School of Computer Science
Technical Workshop Series: Information of Retrieval Techniques
Presenter: Zahra Taherikhonakdar
Date: Wednesday, November 29th 2:00pm – 3:00pm
Location: 4th Floor (Workshop space) at 300 Ouellette Avenue (School of Computer Science Advanced Computing Hub)
LATECOMERS WILL NOT BE ADMITTED once the presentation has begun.
Abstract:
Information Retrieval (IR) is finding material (usually documents) of (untrusted nature (usually text) that satisfies an information need from within large collection. These days we frequently think first of web search, but there are many other cases: web search, Searching your Laptop, Corporate knowledge bases, Legal information retrieval. An information retrieval process begins when a user or searcher enters a query into the system. Queries are formal statements of information needs, for example search strings in web search engines. In information retrieval a query does not uniquely identify a single object in the collection. Instead, several objects may match the query, perhaps with different degrees of relevance.

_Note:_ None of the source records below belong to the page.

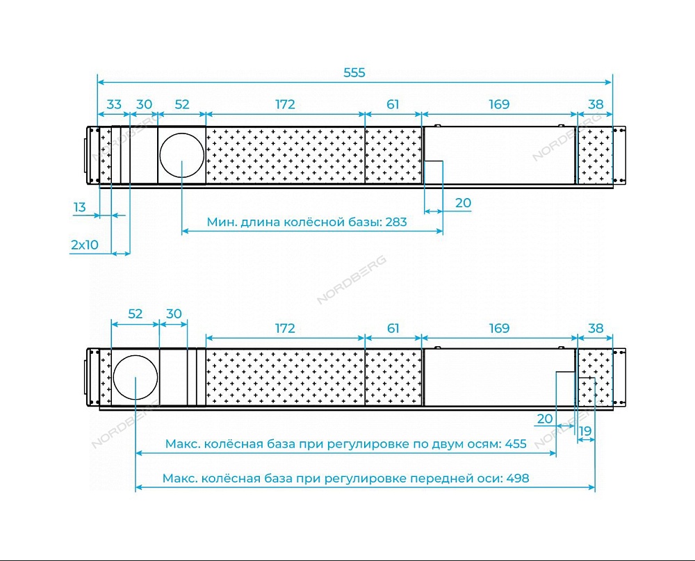 - При установке удлинительных платформ 01-00002788 длина рабочей поверхности увеличивается на 63 см и составляет 618 см. Это позволяет работать с транспортом с увеличенной базой и удлинённым кузовом;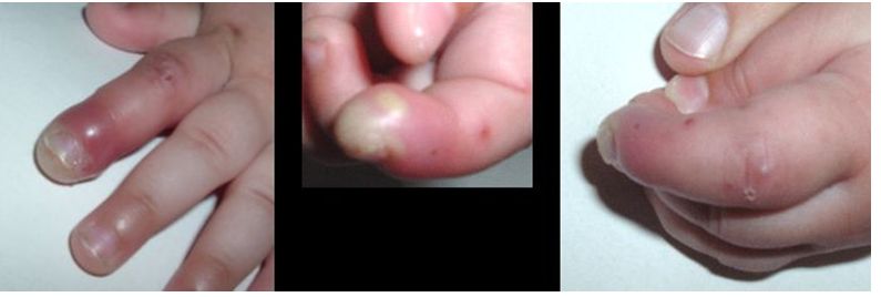 Este niño tiene un clásico panadizo causado por inoculación primaria del virus del herpes simple tipo I. En el interrogatorio surge, que la madre tiene herpes labial recurrente y que el último episodio lo superó varios días antes que su hijo desarrollara la lesión del dedo.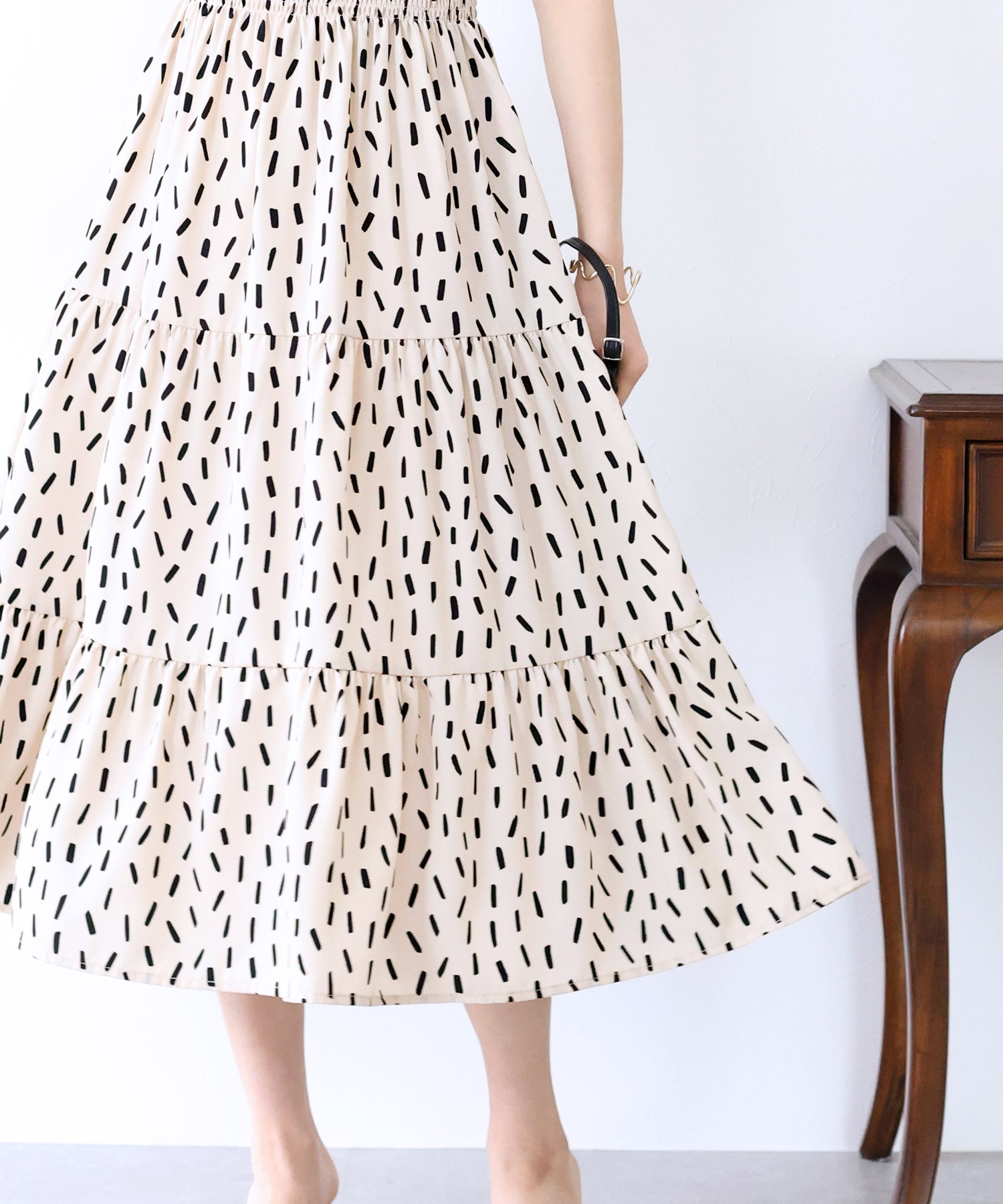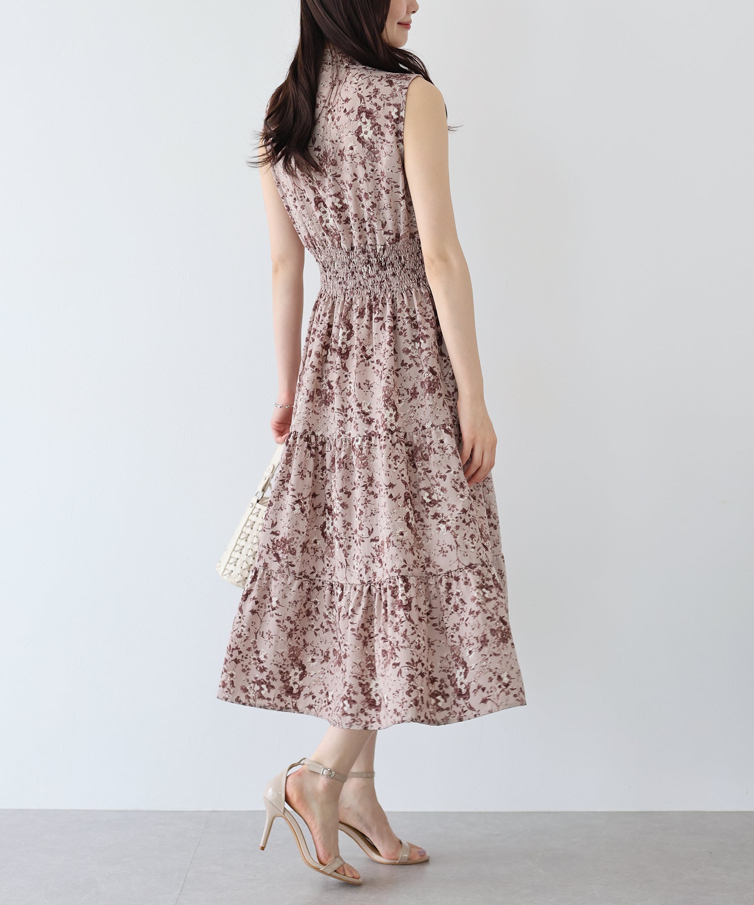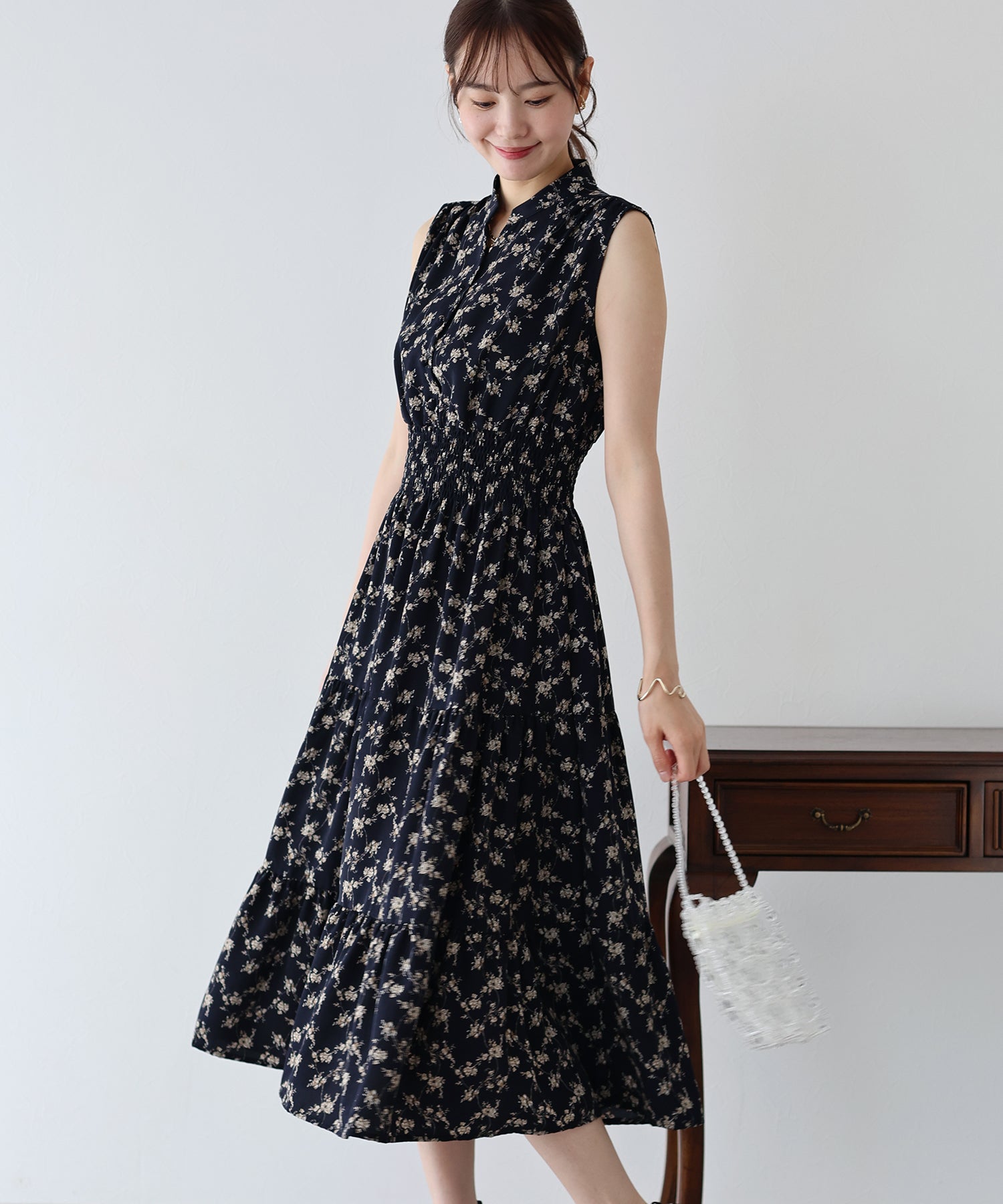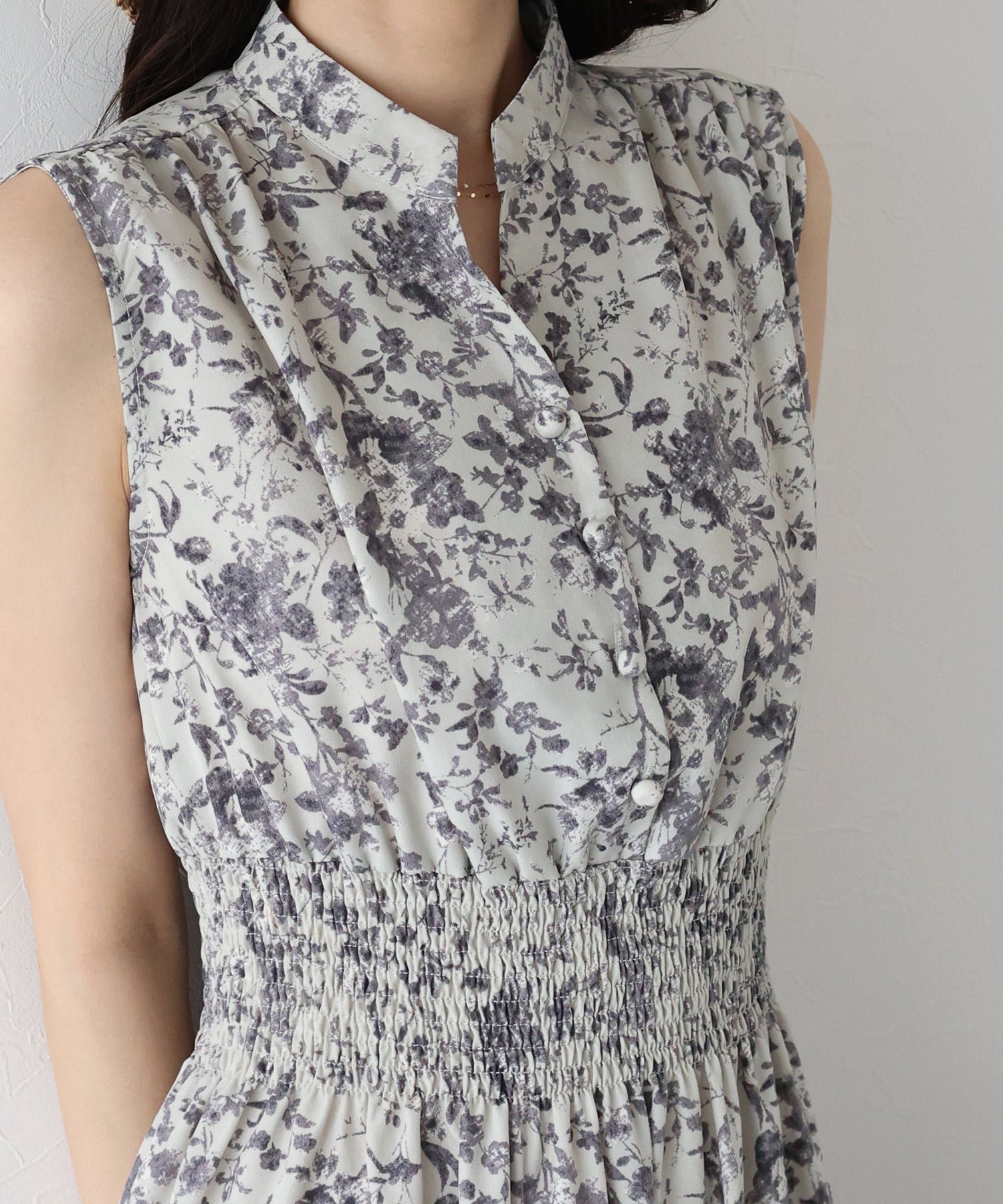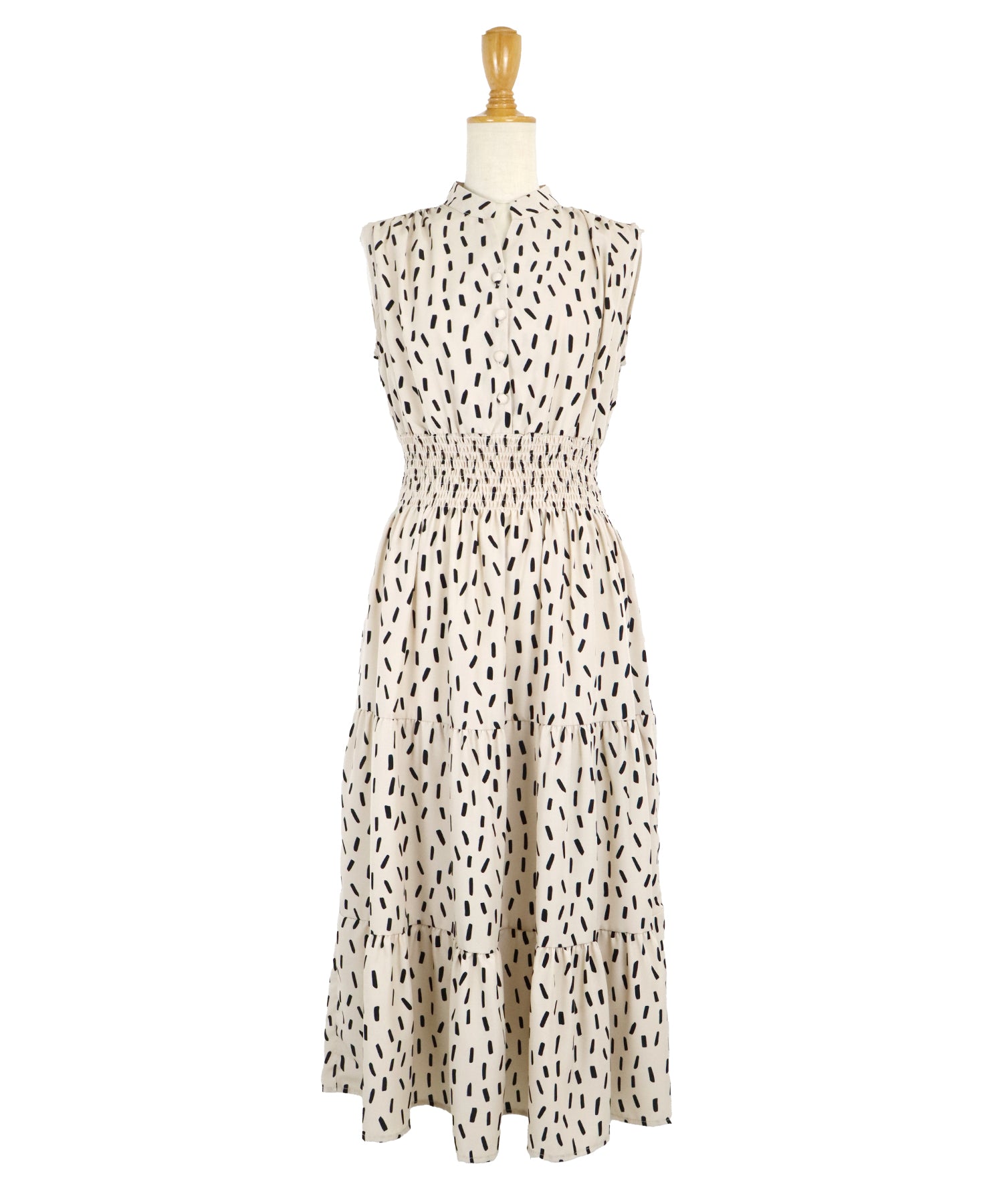 ?POINT 洗練された雰囲気が漂う、大人のデイリー総柄ワンピース。 ネックはスキッパーデザインで顔周りをすっきりと見せてくれます。 足首までのロング丈で、一枚着ればおでかけできるお手軽さも嬉しいアイテムです。

An object is an entity that is represented by information in a content collection or database. User queries are matched against the database information. However, as opposed to classical SQL queries of a database, in information retrieval the results returned may or may not match the query, so results are typically ranked. This ranking of results is a key difference of information retrieval searching compared to database searching.[2]
Workshop Outline:
In this workshop I will going to introduce the techniques that are used in IR:
- Introducing ranked retrieval
- Scoring with the Jaccard coefficient
- Term frequency weighting
- Inverse document frequency weighting
- The vector space model
- Calculating TF IDF cosine scores
Prerequisites:
Computer Science knowledge
Biography:
I am a PhD student at University of Windsor. My research is in the area of Information Retrieval. Particularly My research is about how improve query refinement as a technique to make search engines to retrieve the most related documents based on users initial query.